We assessed models for each cholesterol measure (i.e., TSC, HDL, LDL) by the lymphoma categories. A polynomial fit was used for the curves showing the trajectories of cholesterol measures of the lymphoma cases and controls prior to the time of diagnosis/index date. To select the polynomial order, increasingly complex multilevel models were fit with orders ranging from linear to quartic. We also performed sensitivity analyses related to the number of cholesterol measures available, restricting the subjects to those who had at least two cholesterol measures in the 10 years prior to index date or diagnosis. The SAS procedure PROC MIXED (SAS version 9.4; SAS Institute, Inc., Cary, NC) with the full maximum likelihood estimation method was used for modeling. The goodness-of-fit of nested models was compared using the difference in the model deviance (− 2 Log likelihood), which is also called the deviance statistic. After the initial models were fit, they were reviewed for the lowest deviance statistic. Graphical displays of the trajectory models of predicted population means, with 95% confidence intervals, by cholesterol type (TSC, HDL, and LDL) were completed separately for Hodgkin’s, NHLcombined, and the six NHL subtypes. The same modeling method was used to assess differences in TSC, HDL, and LDL in NHLcombined, by stage, as well as for the sensitivity analyses assessing subpopulations that had never used a cholesterol-lowering drug.

Results

There were 15,430 lymphoma cases and 77,146 matched controls in the original study population. Omission of low-frequency lymphoma subtypes and their controls removed 107 cases (Online Resource Table S1) and their 535 controls. There were another 2,124 cases and 16,515 controls who could not be included due to either no cholesterol measurements or only cholesterol measurements outside the analysis window, which started 10 years prior to the diagnosis/index date and ended at that date (or at the start of statin use). When these 2,124 cases were excluded, an additional 7,136 controls were omitted because they were left without a matching case. In parallel, when the 16,515 controls without cholesterol measures were omitted, an additional 42 cases were left without any matching control and were therefore subsequently excluded. (The high ratio of unmatched controls to cases is due to the fact that every excluded case leaves ~ 5 controls unmatched, but an excluded control only leaves a case unmatched if the other ~ 4 controls for the case are also excluded, which is rare). Finally, 3 cases and 41 controls were excluded due to cholesterol values that were out of range, leaving a total of 13,154 cases and 52,919 controls included in at least one analysis. Among the subtypes studied, the 2,169 excluded cases had shorter average enrollment duration (7.7 versus 9.6 years), averaged 1.1 years older and included a higher percentage reporting white race (84%), versus 81% for the included cases.

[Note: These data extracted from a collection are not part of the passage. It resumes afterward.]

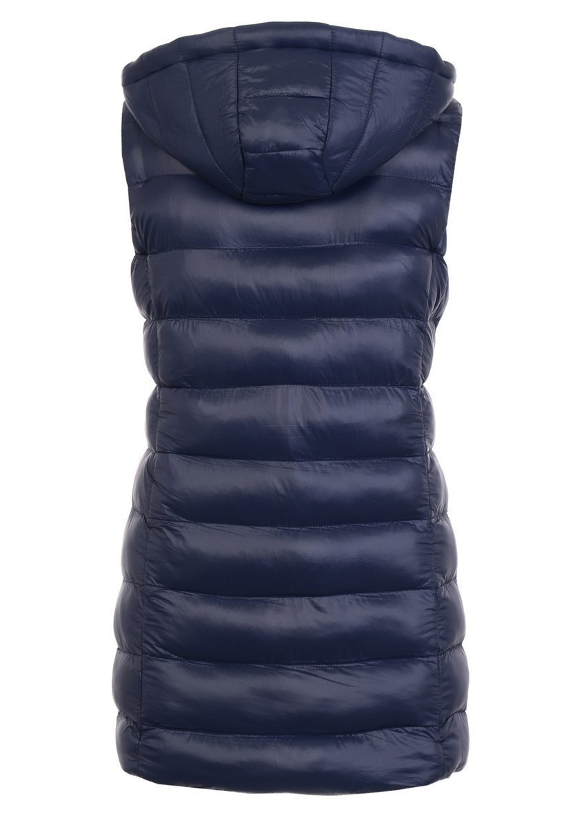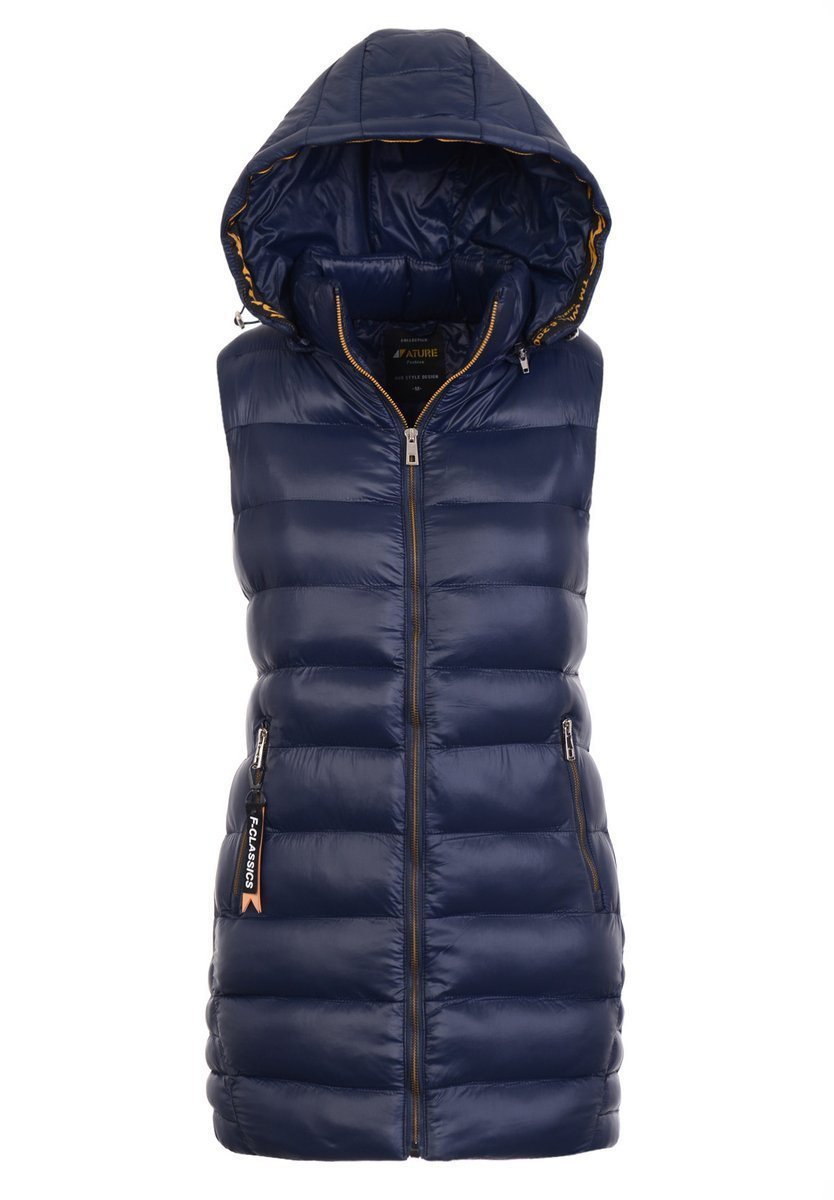 Damski dwustronny bezrękawnik w kolorze granatowym. Bezrękawnik jest delikatnie ocieplony i wykończony w środku podszewką. Wykonany jest z materiałów najwyższej jakości. Bezrękawnik zasuwany jest na suwak. Na dole bezrękawnik ma dwie kieszenie zasuwane na suwaki. Kamizelka posiada odpinany kaptur ze ściągaczem. Kaptur obszyty taśmą z nadrukiem. Bezrękawnik jest delikatnie taliowany dzięki czemu idealnie dopasowuję się do sylwetki. Idealnie sprawdzi się w wielu stylizacjach.
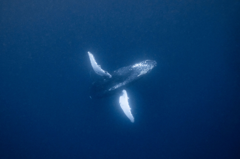 凪の海でのんびりクジラ
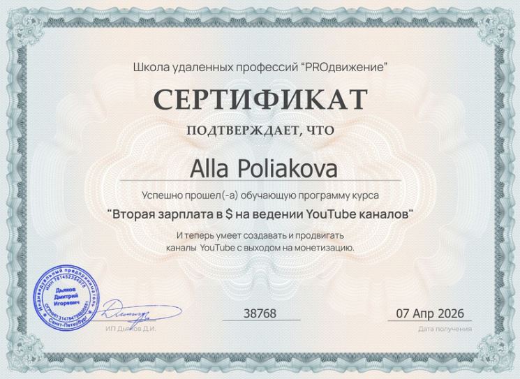 Прошла курс "Вторая зарплата $, на ведении YOUTUBE канала!!!"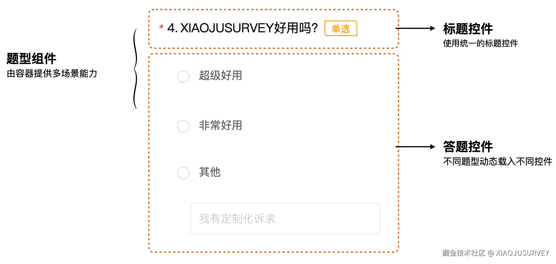 一个题目结构的组成如下,不同场景能力基于容器实现,不同题型差异一般在于答题区域,通过答题控件实现: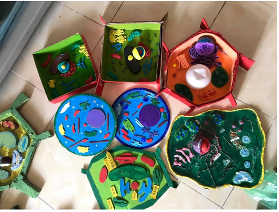 Sản phẩm Mô hình cấu tạo một tế bào điển hình người - CLB STEM 8 Từ nguyên liệu: Bìa cứng, màu vẽ, miếng xốp, bóng nhựa, băng keo, giấy màu,..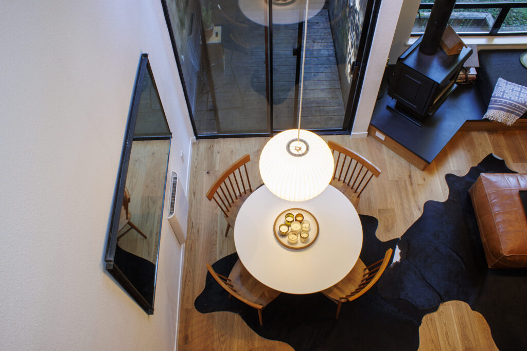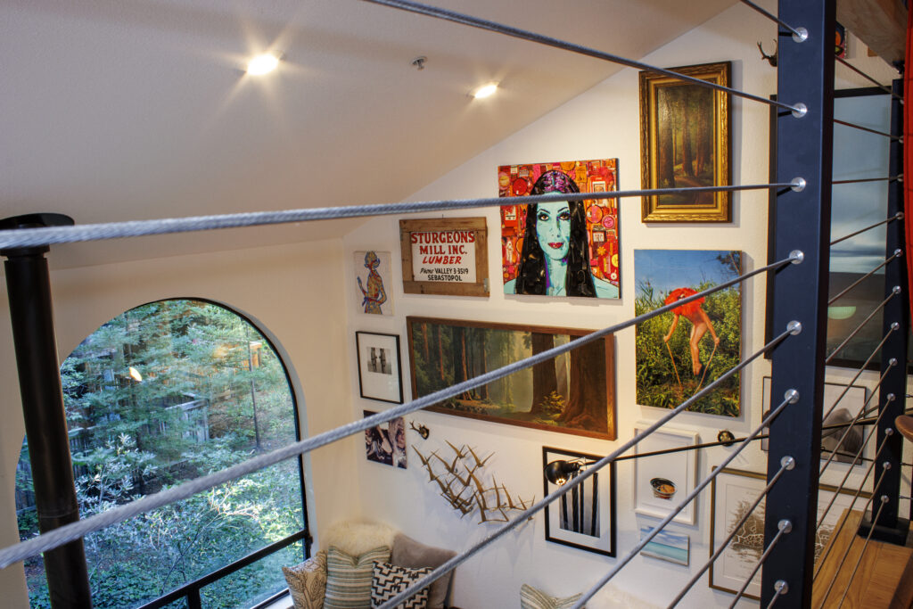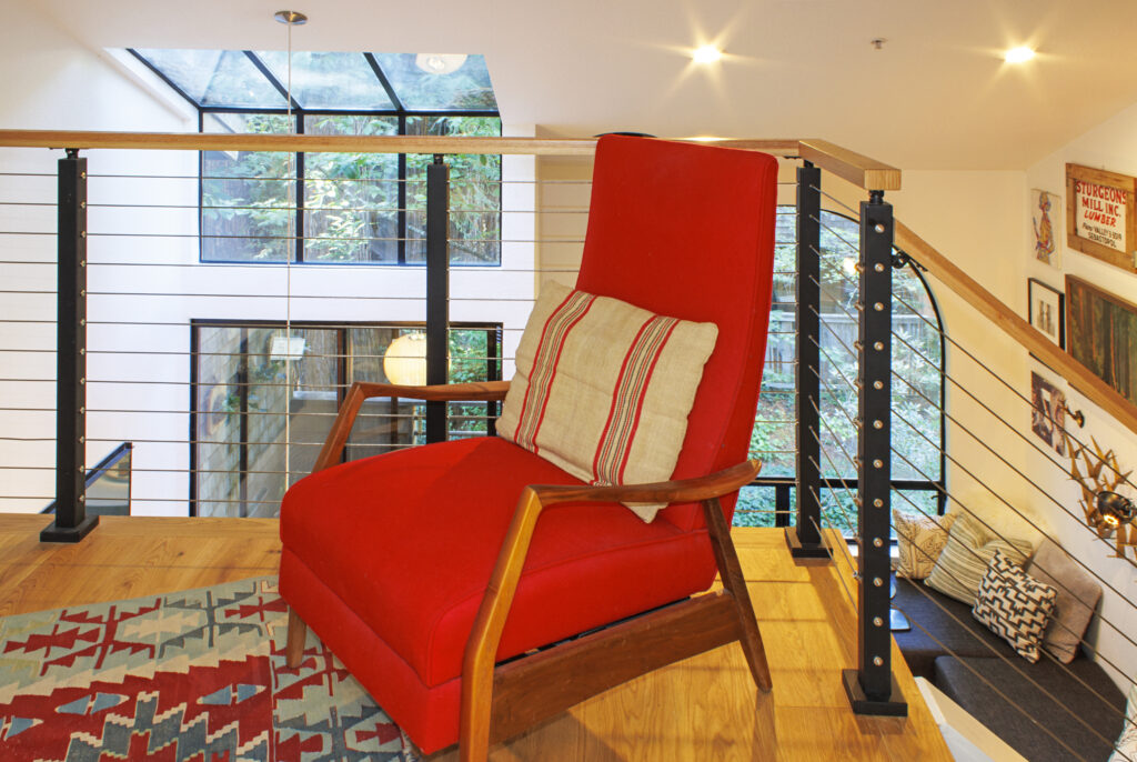 Volpatt worked with interior designer Christian Damerow to bring more light into the home and create space for hosting overnight guests. The pony walls that framed the staircase were replaced with wood-framed cable railings, connecting the first and second floors in a way that allows more light to flow through the space. The look was capped off with nature-centric touches, including plenty of stained woods and a layout that yields focus to the towering redwoods outside.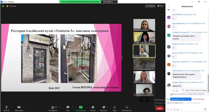 До роботи секції долучився ще один успішний випускник – Євген Штома, який тільки у лютому цього року здобув освітній ступінь магістра з готельно-ресторанної справи, а нині є менеджером ресторану італійської кухні «Trattoria 5». Євген розповів присутнім про концептуальну діяльність ресторану, унікальне дизайнерське рішення обідніх залів закладу та особливості формування меню, умови функціонування ресторанних підприємств у період воєнного стану та перспективи у післявоєнний час. Фахівець наполегливо рекомендував студентам не вагатися і продовжувати навчання у рідному університеті на другому магістерському рівні вищої освіти. Викладачі вдячні Євгену за теплі відгуки про факультет, кафедру, університетські роки.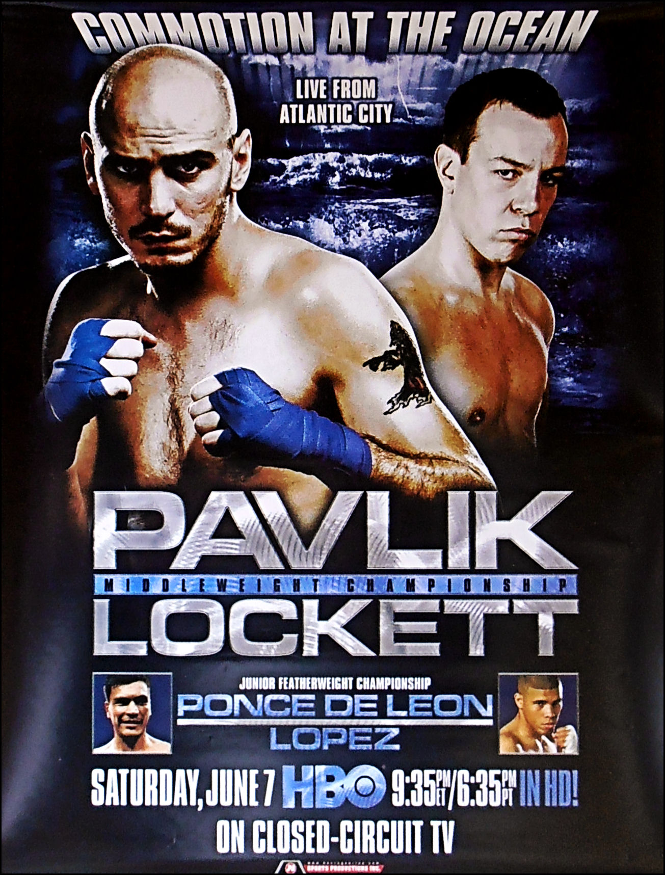 Description : Here we have an official HBO boxing closed circuit poster headlining Kelly Pavlik making his first title defense of the Middleweight Championship against the WBO #1 mandatory challenger Gary Lockett on June 7, 2008, at Boardwalk Hall in Atlantic City.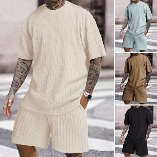2 шт./компл. Мужской спортивный костюм Футболка с коротким рукавом и круглым вырезом Эластичная талия Широкие штанины — купить товар онлайн с бесплатной доставкой по всему миру!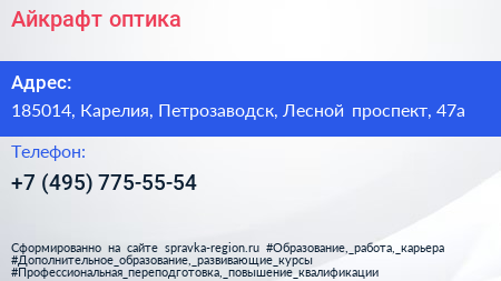 Айкрафт, оптика по адресу 185014, Карелия, Петрозаводск, Лесной проспект, 47а в дальнейшем Организация, размещена в следующих категориях: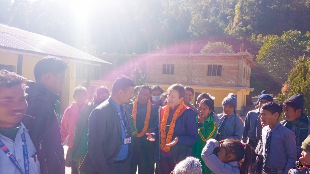 We had a formal introduction and this is not unusual in Nepal. Adorned with garlands, tikka on our foreheads (red for a joyous occasion, although I looked like I’d been hit with an axe) and a presentation from the teachers.

Because the three cholesterol measures were not always all measured together over the study period, there is variation in the number of cases and controls available for the analysis of each cholesterol measure (i.e., TSC, HDL, LDL). The number of cases and controls are reported in Table 1 for each lymphoma group. Online Resource Table S2 shows the numbers of patients and cholesterol measurements included in the analysis for each of the 10 years prior to the diagnosis/index date for Hodgkin’s and NHLcombined.

Table 1 shows the distribution for cases and controls by lymphoma category for several demographic factors, including sex, age at first cholesterol measure, age at diagnosis (index date), cholesterol measure (TSC, HDL, or LDL), number of cholesterol measures, and years of enrollment. The largest case group is for the model of TSC in NHLcombined (cases = 12,573) and the smallest is for LDL in Hodgkin’s (cases = 434). The mean number of measures for TSC, HDL, and LDL was at least 3, and the average length of enrollment was 9 years or longer. The larger sample sizes in some lymphoma categories resulted in significant p values for case–control comparisons of demographic variables even when the differences in the means were quite small. However, all cholesterol measures were significantly lower in cases compared to controls in all but two instances, which were of borderline significance.

For all but one model, a quartic fit with full-term random effects was found to have the smallest deviance statistic (in one model reported in the supplemental data, the sensitivity analysis for Hodgkin’s and LDL among the subpopulation never exposed to statins, the quartic model failed to converge, and a cubic fit was used). Figure 1 shows the MLM trajectory of TSC for Hodgkin’s (Fig. 1a), NHLcombined (Fig. 1b), and the six NHL subtypes (Fig. 1b.1–1b.6), with parallel trajectories for HDL and LDL in Figs. 2 and 3, respectively (the statistics for the differences in the adjusted means are given in Online Resources Table S3, for each cholesterol measure by lymphoma category). Comparisons of the curves for cases and controls show statistically significant differences, which are noted for all eight lymphoma categories several years prior to diagnosis. A difference in TSC curves is detectable 5–10 years prior to diagnosis for NHLcombined and its subtypes, and at 2 years for Hodgkin’s, with a marked decrease of the slope as time approaches disease diagnosis. Similar separation of the curves is seen for HDL with statistically significant differences for all 10 years for NHLcombined and at 5–10 years prior to diagnosis for NHL subtypes. Curves separate at 8 years prior to diagnosis for Hodgkin’s. The patterns for LDL are very similar to TSC.

Fig. 1
figure 1

1a1b.6 Trajectories for total cholesterol for cases compared to controls, adjusting for age at cholesterol measure and index year, by lymphoma category

Fig. 2
figure 2

2a2b.6 Trajectories for HDL for cases compared to controls, adjusting for age at cholesterol measure and index year, by lymphoma category

Fig. 3
figure 3

3a3b.6 Trajectories for LDL for cases compared to controls, adjusting for age at cholesterol measure and index year, by lymphoma category

Overall, the graphs show lower levels of cholesterol measures for cases relative to controls prior to diagnosis, especially in the years closest to diagnosis. When we repeated the analysis requiring at least two measures of cholesterol in the 10 years prior to index date or diagnosis, the results (including 10,087 cases and 38,205 controls for total cholesterol for NHLcombined) were essentially unchanged.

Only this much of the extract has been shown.